Why Going Over the Hill Is Not So Bad
Paul Galatis, September 2025
A few years ago, I was sitting in a coffee shop with my friend Chris. We were lamenting the grey in our beards and swapping stories about our creaking bodies. We still felt young, but we looked old. We were entering that stage of life where our parents were slowing down, friends were fighting cancer, some successfully, some not, and where gratitude for our health had become a daily habit. Out of that conversation came a question, “What does it mean to be over the hill?”

We pictured life as a cartoon hill. In the first half, you’re climbing upwards. And because you’re heading upwards, all you see is blue sky. So the possibilities ahead of you seem endless: perhaps you’ll live in America; perhaps you’ll marry a Swede; perhaps you’ll be an astronaut.
Then one day you crest the hill. And without realising it, you’ve begun your descent. Now going downhill is not a problem. But thanks to your shift in your perspective, for the first time you see the bottom of the hill and you realise: this ride comes to an end!
Rather than being rattled by this idea, I’ve found it strangely reassuring. From the summit I can look back at the climb, at all the twists and turns, the detours I never expected, the stumbles and recoveries that shaped the path.
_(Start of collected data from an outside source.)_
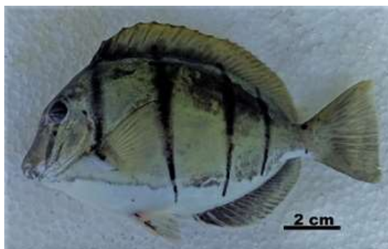
Gambar 4. Acanthurus triostegus

jari sirip anal 3, jari-jari sirip lunak anal 19-22. Tubuh berwarna abu-abu, dengan 4 garis vertical (1 garis di kepala melintasi mata kuning, 1 di pangkal ekor) putih di bagian perut, seringkali dengan garis batas pemisah yang tajam. Duri keras yang tajam, mengarah kedepan di setiap sisi pangkal ekor. Gigi dengan dentikulasi di bagaian samping dan atas. Tapis insang 18-22 dibaris anterior, 19-24 di baris posterior.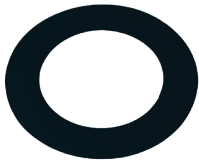
Acero al carbón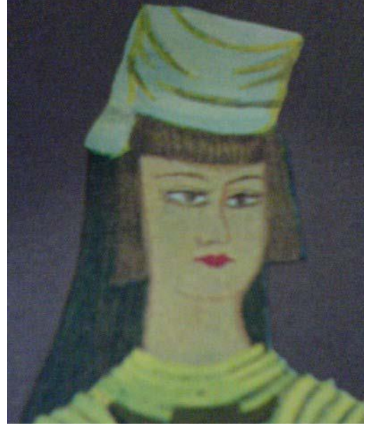
Resim 2.6. Hotoz (F. Özsoy)

“Von le Coq’un albümünde görülen resimler arasında bilhassa genç kızların saçlarının, tepelerinde kok’a benzer bir topuz halinde toplandığı görülüyor (Resim.2.5). Başa sımsıkı sarılı ince ince örgülere mukabil burada önde alın boyunca bir kâkül kesilmiş, saç arkada, enseden itibaren tam tepede toplanmıştır. Japonya’da erkek çocukların saçlarını hala buna benzer şekilde yukarda toplayıp bir kurdeleyle dibinden bağladıkları görülmektedir.” 66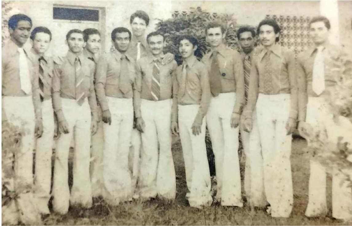
Los Estudiantes Promoción 1977 de la Institución Educativa El Carmelo.

Very little of it was predictable, shaped as much by luck, serendipity, and good fortune as by choice. Looking ahead, the view sharpens my sense of time: not infinite, but still mine to use. That awareness has given me two gifts. First, relief that I’ve survived the first half of the journey. And second, a conviction to spend the rest on what matters most: not ignoring my dreams, not working too much, saying what I think, cultivating friendships, and being happy.
For years, “over the hill” has been a punch line, a shorthand for decline. But I see it differently. Over the hill is not the beginning of the end. It is a vantage point, a place to look backward with gratitude and forward with intention.